Is Oxidative Stress Affecting your DNA?
These fears may be justified. The fact is, the resulting mutation from oxidized DNA may trigger pathological outcomes, including cancer, neurological degeneration and organ failure. Other oxidation targets include proteins, cell membranes, lysosomes, mitochondria, blood and tissue lipids, polyunsaturated fatty acids, and vitamins or antioxidant molecules themselves. So, how does oxidative stress begin and what attacks the DNA?
Oxidative Stress on our DNA
Our bodies use oxygen to create energy as fuel for our cells, forming by-products in the process. Carbon dioxide and water are two such by-products, but others include reactive oxygen species (ROS), which have both beneficial and potentially dangerous roles in human physiology.

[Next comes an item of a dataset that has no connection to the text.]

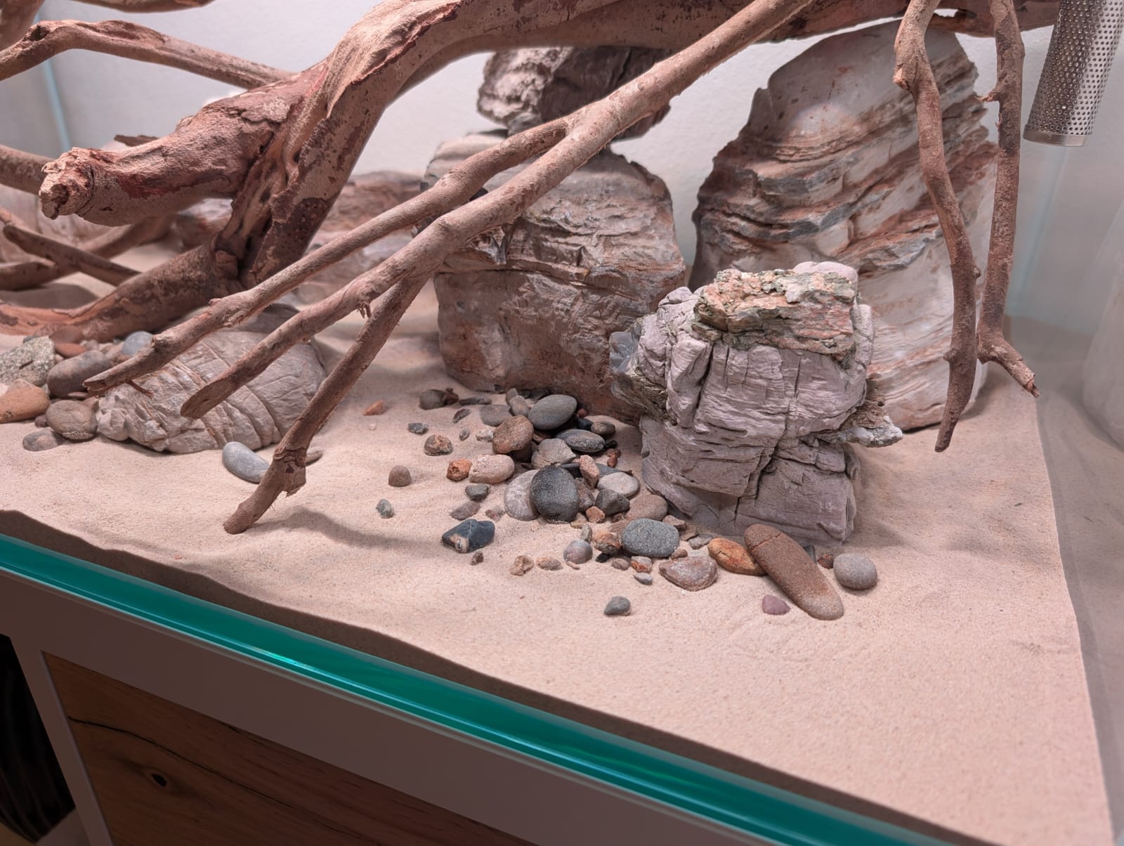 Hallo Timo,Hallo Andi, ich habe ein sehr frisches Aquarium (4 Wochen alt) welches nur mit Aufsitzern bepflanz ist und auch nur mit Sand.

ROS are reactive species because they lack an electron. This electron deficiency then forces the reactive species to aggressively seek a new one from any source, including cell membranes and DNA. Usually, the ROS are neutralized by antioxidants our bodies form (endogenous antioxidants, e.g., glutathione) and by antioxidants provided from food (dietary antioxidants, e.g., phenolics).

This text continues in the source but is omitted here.